Interestingly, this project creates a shadow SOP (SectionObjectPointer), but does not create a shadow FileObject. I've now tried to use the same approach in my driver, and on a quick check, it seems to work very well, solving all my issues. More tests needed, though.

A couple questions:

  1. Is it a valid approach to allocate my own SOP structure in the PostCreate callback and assign it to TargetFileObject, but to not create a shadow version of the FileObject?

  2. Which benefit (if any) am I missing by not doing a shadow FileObject?

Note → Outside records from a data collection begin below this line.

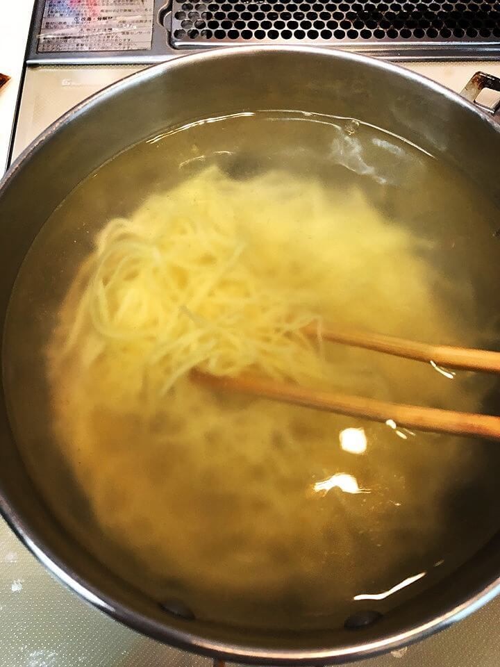 まずは、1玉につき1リットルのお湯で麺を湯がきます。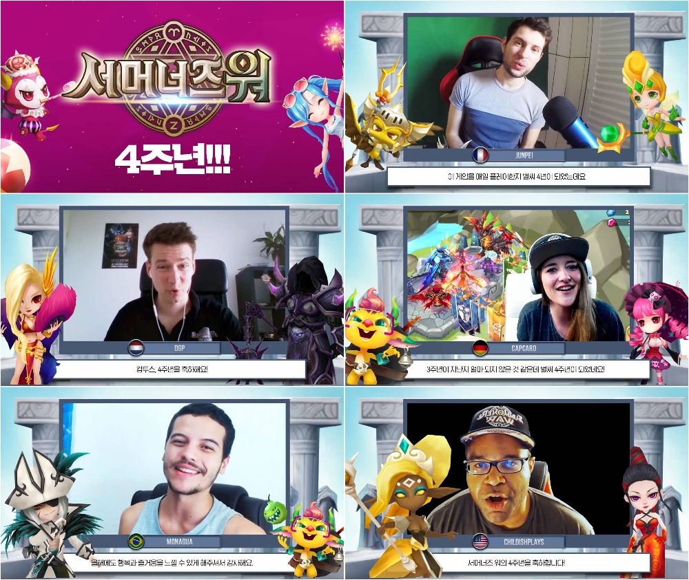 이미지 확대보기이번 영상은 ‘서머너즈 워’ 글로벌 서비스 4주년을 기념해 각 지역에서 활동중인 ‘서머너즈 워’ 인플루언서들과 유저들이 보내온 축하 영상을 바탕으로 제작됐다.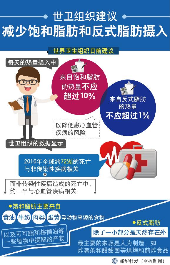 世衛(wèi)組織建議減少飽和脂肪和反式脂肪攝入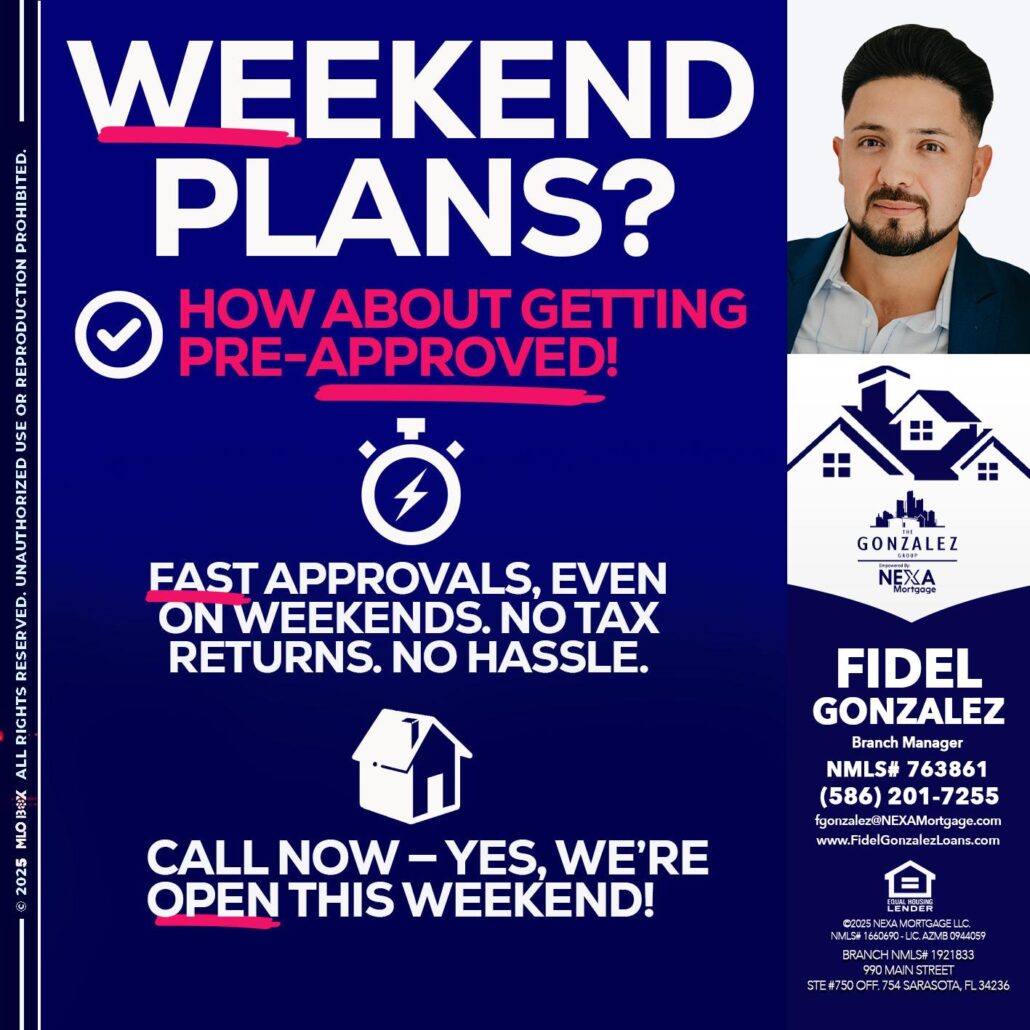 Hi, my name is Fidel Gonzalez. I’m a Loan Officer with NEXA Mortgage LLC., offering personalized mortgage solutions, fast customized quotes, great rates and service with integrity.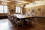 In der neu gebauten Burgerstube bietet ehemalige Sitzungstisch der Burgergemeinde Platz für bis zu 14 Personen. Der attraktive Raum ist ideal für Sitzungen, Seminare und kleine Gesellschaften.

  3. It seems since my SOP is all NULL, caching is at least partially disabled? Though, I can see that "ImageSectionObject" becomes filled at some point, but "DataSectionObject" always seems to stay NULL. Is this a huge problem for an EXE file? If so, should I try to initialize my SOP to allow full caching? Any hints on how to do that?

  4. How to cleanup my shadow SOP properly? It's easy enough to do in my context cleanup callback. But what happens if my driver is unloaded while some FileObjects still remain open, surviving the unload of my driver and still linking to my private custom SOP?

FWIW, I've tried to solve 4) now by using a tricky approach: I'm storing the FileObject pointer in my stream context, but I'm NULLing the pointer in IRP_MJ_CLEANUP. Now if my context cleanup is called, with the FileObject pointer being non-NULL, I'm restoring the FileObject's original SOP. I'm hoping this is a valid approach? Or is there a better solution?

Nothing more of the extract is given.